Every picture should be left out, but the lines below must be repeated exactly.

SUPPLIED MATERIAL:
====
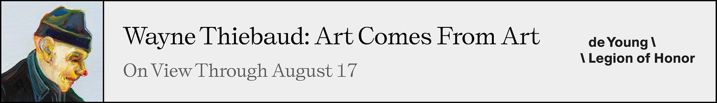 I’m not at all equipped to cover the whole world of sweltering summer art shows, but wanted to shout out one that holds a special place in my heart—I’m from Sacramento, where Wayne Thiebaud made his home, and I spent a decade living in San Francisco. But even for the impartial viewer, the care and curation behind this show are unmistakably exceptional:
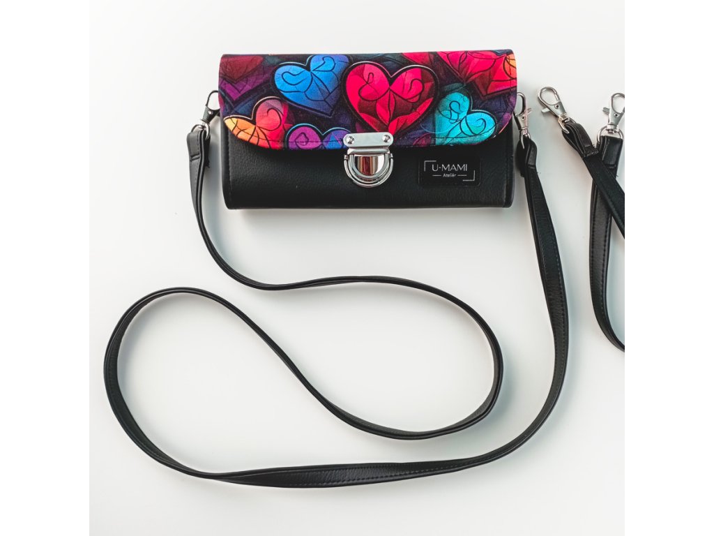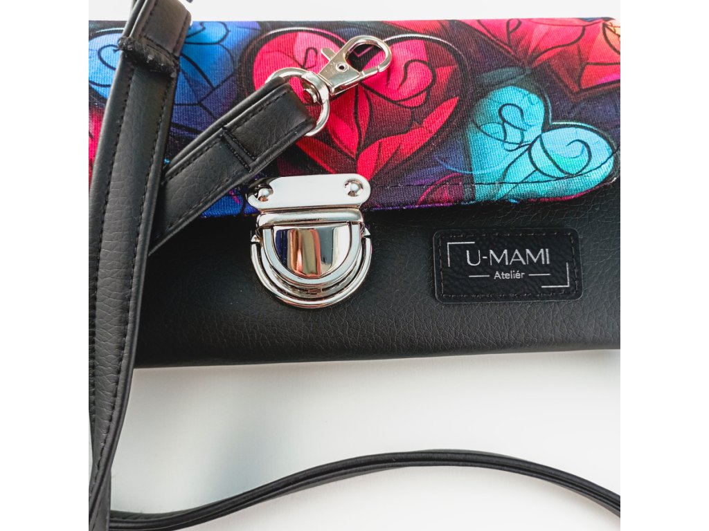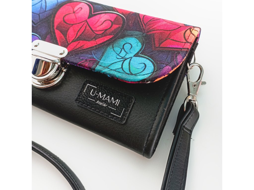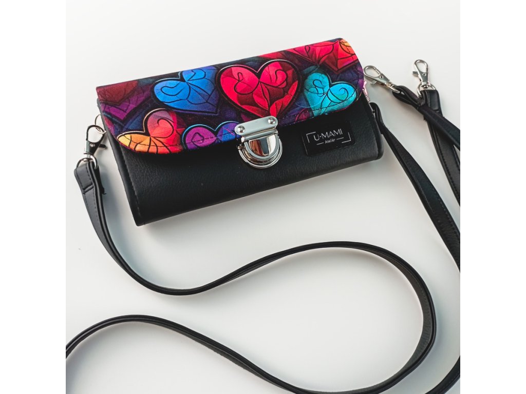 Zářivá kombinace barev, která připomíná skleněná vitrážová srdíčka – originální motiv, který z každé peněženky dělá malý umělecký kousek.
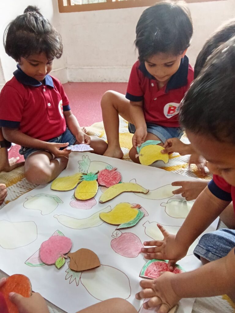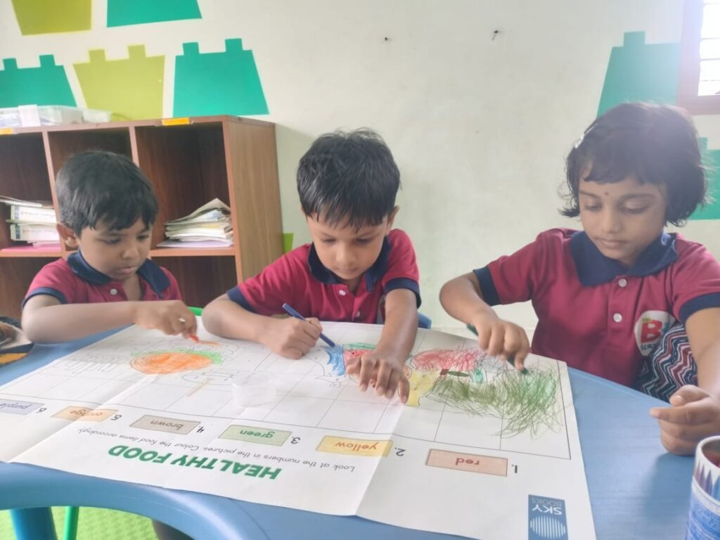 Healthy Food – Children actively engaged in colouring their healthy food chart. From BB CLE Kit
====
COMPLETED TASK:
 I’m not at all equipped to cover the whole world of sweltering summer art shows, but wanted to shout out one that holds a special place in my heart—I’m from Sacramento, where Wayne Thiebaud made his home, and I spent a decade living in San Francisco. But even for the impartial viewer, the care and curation behind this show are unmistakably exceptional:
 Zářivá kombinace barev, která připomíná skleněná vitrážová srdíčka – originální motiv, který z každé peněženky dělá malý umělecký kousek.
 Healthy Food – Children actively engaged in colouring their healthy food chart. From BB CLE Kit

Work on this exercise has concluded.